History comes alive with Dr. Graves
by Caroline Basile, sports editor
For Dr. Laura
Graves, the days do anything but slow down.
With teaching
and being an academic advisor, she continues to help
students in many different ways.
“I teach
American history and American Indian courses,” said Dr.
Graves, professor of American History at SPC. “That’s my
field [American Indian studies] and what I studied in
graduate school, and I get to teach a course geared
specifically toward what I studied. It’s a really neat
course, and we do a lot of different things, like looking at
an event from different perspectives.”
Dr. Graves has
been at SPC since 1993. She received her bachelor’s and
master’s degrees from Texas Tech University in anthropology
and museum science.
“I was a museum
curator for years until I went back to get my PhD in
American Indian history and political science,” Dr. Graves
said. “I left the museum world and became a college
professor. I was at a number of museums. The largest was the
University of Northern Arizona at Flagstaff, and that is
where I chose to attend graduate school.”
Dr. Graves
looks to improve on her classes by participating in Title V,
a government grant with the purpose of helping faculty
reorganize and develop their courses and bring in different
teaching methods and tools.
“This summer
project will let me reorganize both of my history courses
with new lectures and new approaches,” Graves said. “I am
extremely excited about that, because it will give me a
chance to talk about things that I don’t normally talk about
and give me some new approaches. It’s just starting fresh
and doing something new.”
Dr. Graves also
will begin recording her lectures, starting with her fall
2007 classes, and providing them to students through
Podcasts on SPC’s website.
“By making my
lectures available online,” Dr. Graves added, “if a student
misses class, they will be able to log on and get what they
missed. Then, for my online classes, they will also be able
to hear the lectures, and I think those will improve those
classes. I’m hoping that the Podcast lectures will improve
learning with Internet classes and make them more
appealing.”
In addition to
teaching history at SPC, Dr. Graves is also the official
scorekeeper for the Texan and Lady Texans basketball teams.
“I keep the
official game book for the men’s and women’s basketball
games,” Dr.
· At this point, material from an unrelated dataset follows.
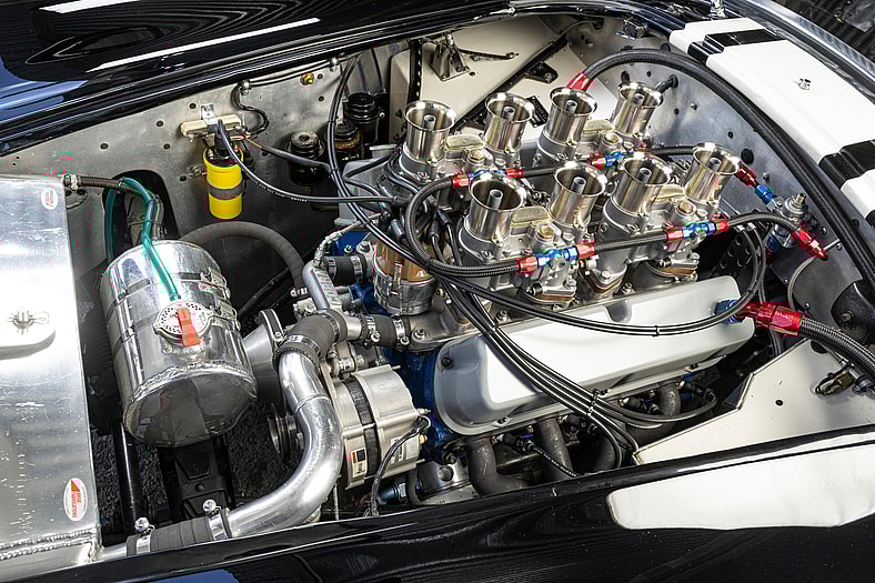 Build on the original chassis of the very first Cobra to compete in Le Mans, the vehicle was heavily campaigned by Martin Colvill, owner of the Horsely, England’s Bell & Colvill dealership. Over 100 races ran in the 1970s and 1980s, it earned 12 outright victories, 44 class wins, three Historic Sports Car Club Classic Sportscar Class A Championships, and two Aston Martin Owners Club’s Inter-Marque Challenge/Championships. Not to mention, Colvill piloted it to multiple class lap records at Silverstone, Brands Hatch, Donington Park, Oulton Park and Mallory Park.

Graves explains. “I enjoy that a lot. I never
played sports in school and wasn’t very athletic. I like the
observation part of it. Being the official scorekeeper lets
me learn a lot about basketball, and I have learned an awful
lot about players, coaches, and group dynamics. It’s a very
interesting process to watch, not just the game, but the
strategy around the game.”
Dr. Graves
added that while she was in school, there were not that many
opportunities for women in athletics.
“When I went to
school, it was before there was any kind of equity in
women’s sports,” she said. “Women’s sports had absolutely no
support. There wasn’t a lot of encouragement for girls to
play sports either.”
Dr. Graves also
is a very active academic advisor, taking on undecided
majors and assisting them with everything they need.
“My advice to
them is: Don’t rush into a major!” Graves said. “There is no
reason to rush into it. You still have to have the same
requirements, and you’ve got plenty of time to figure out
what you want to do. Eventually, there will be that moment
when you realize ‘This is it. This is what I want to do.’”
Before she
began her career as a college professor, Dr. Graves spent
several years as a museum curator.
“I always
thought I would end up teaching,” she said. “I loved the
museum work. I really enjoyed it, and it was an amazing
career. But I always knew that while I was doing that, I
would go back and get my PhD and teach. I was supposed to be
here for two years and then was supposed to go somewhere
else. But I’ve been here almost 14 years now.”
Dr. Graves said
she appreciates the small, tight-knit community and enjoys
living in the West Texas area.
“I like the
people that I work with,” Graves added. “I am given an
incredible amount of support and freedom to do what I do.
Levelland isn’t the prettiest place in the world, but it is
a nice place to live. I’ve lived in cities with millions of
people in them, but I like the small-town atmosphere.”
Besides the
small-town attitude of the West Texas area, Dr. Graves also
enjoys the small class sizes at SPC, where she can work more
closely with her students.
“I love
teaching history, and I love being here at SPC,” Graves
said. “I like the small classes. I have taught classes with
400 students in them, and I can do those, but they are not
nearly as rewarding as a class with two dozen students. I
think that I am a better teacher if I have a handful of
students and I can work with closer with them than 400,
where you don’t know their names.
“If the
financial bottom line is the thing that makes decisions,”
Graves added, “then you will have an education that is based
on an economic approach. Ours at SPC is based on what is
good for the students. So where we may have a class with
four students, those four students are going to get an
incredible opportunity to learn compared to a class of 400.”